Кто успел, карабкались на заборы, стены домов, как могли, стремились покинуть гиблое место. Но, прижженые смоляным пламенем и силой вонзающего удара, сыпались со стен, истошно вопя, дополняя дикий хаос, общую неразбериху и панику.
Наконец общий звонкий клич кого-то о чем-то известил. Двое несли в сторону легкое, ослабевшее тело.
Фу Цинь был еще жив. Но несколько кровоточащих ран головы и тела (одна из них явно пулевая) указывали соратникам, что это последний бой, последние минуты Великого Патриарха.
Несколько командных слов, кинутых в мелькающую темноту, и шипящие факелы с быстротой комет начали жалить убийц в лицо, в голову. Кто как мог, сломя голову, бросились на стены домов, врассыпную. Спотыкались, давили своих, падали, но только подчинялись единственной цели исчезнуть и как можно скорее из нещадной свистопляски огней и смертей.
Дело было сделано. Кто сумел, разбежались. Кто-то стонал, кто-то выл. Кто-то уже ничего не мог произнести.
Неожиданно и очень звучно щелкнули два выстрела. Следом зло и звонко пропели натянутые тетивы.

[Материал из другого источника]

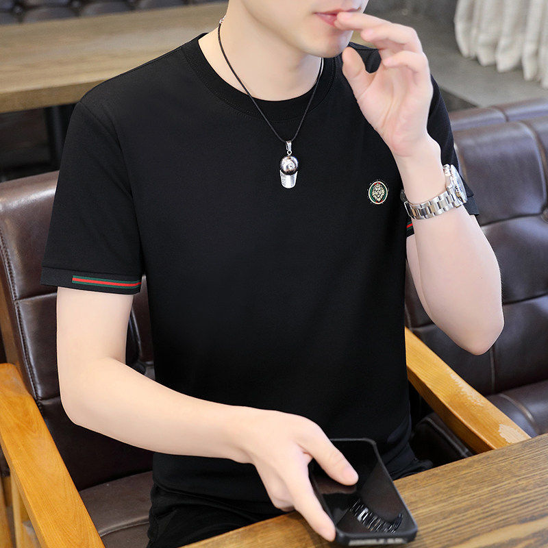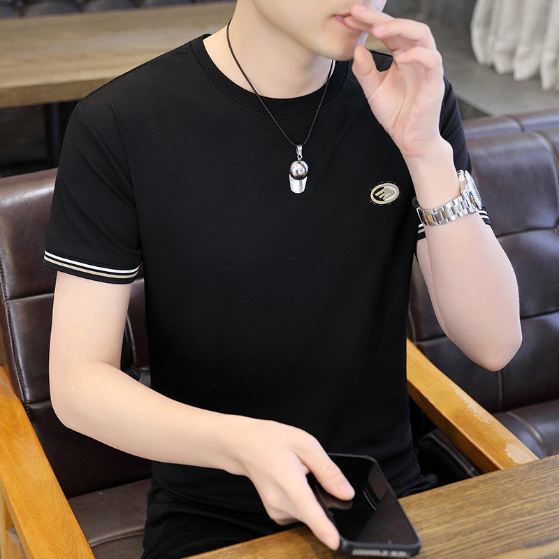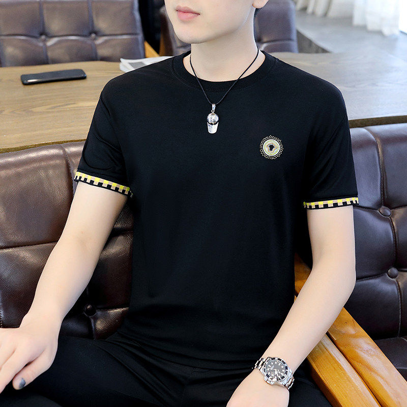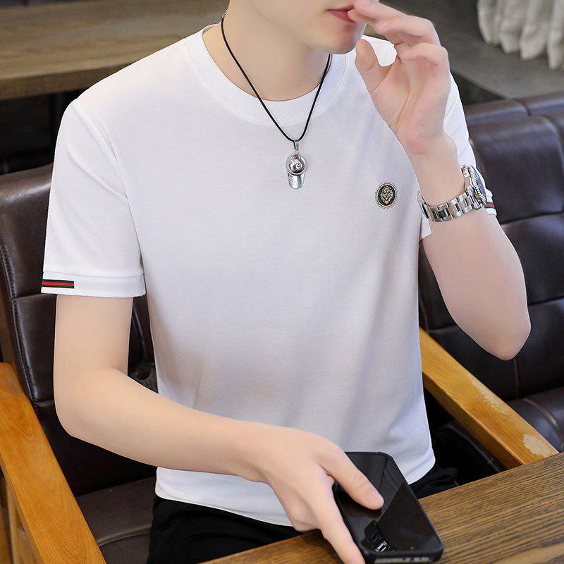 冰丝棉白色短袖 半袖 t恤男圆领修身 潮流烫钻休闲百搭男士 韩版 夏季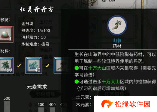 6、化灵丹:荨苎麻×50、极寒鱼尾草×40、山参×40、千叶露×50。

Стрелы полетели на выстрелы. Они оказались точнее пуль. Кто-то охнул у забора, скорчился. Еще несколько стрел исчезли в той же тени.
Перевязанного Пата положили на сплетенные из собранного оружия, цепей и веревок носилки. Осторожно понесли. Никто больше не нарушал ночной процессии. Скоро подкатил автобус. Пыхтя старым мотором, он живо понесся по улицам ночного города.
На месте остался Ван, Коу Кусин и еще несколько монахов.
Глава двенадцатая
Глава двенадцатая
— Присаживайтесь, мой генерал. Поделитесь настроением, раздумиями. Не тревожат ли вас дурные сны? Не омрачают ли какие нюансы вашу ранимую душу? Мы ведь люди одного крута. И интересы наших интересов, я думаю, тревожат вас больше, чем прочая несущественая банальность нижних рядов. Вам я верю, верю, как заинтересованному.
— И тревожат, и интересуют. Но интересы, судьба моей страны меня не меньше тревожит, чем простолюдина.
— Ну что за фраза, генерал, мы ведь неглупые люди. Не нам демонстрировать друг перед другом патриотические вздохи. Простолюдин. Разве для вас это слово имеет вес?
— В единственном числе, конечно, не имеет.
— Сентиментальность. Старческий маразм начал ослаблять вашу душу. Чем это вызвано? Раньше вы были проще. А сейчас с вами неудобно разговаривать. Возраст? Или кокое отклонение во внутренней идеологии? Что с вами?
— Наверное, судьба нации.
— Это уже опасно. Не догадываетесь?
Два жестких, напористых взгляда, не мигая, давили друг друга.
Теневой, со своими крысиными глазками, вечно опасливыми, вечно выжидающими, вечно пугающими других. Он был бы смешон в этом непомерно огромном для него кресле, если бы не то место, которое занимало это кресло.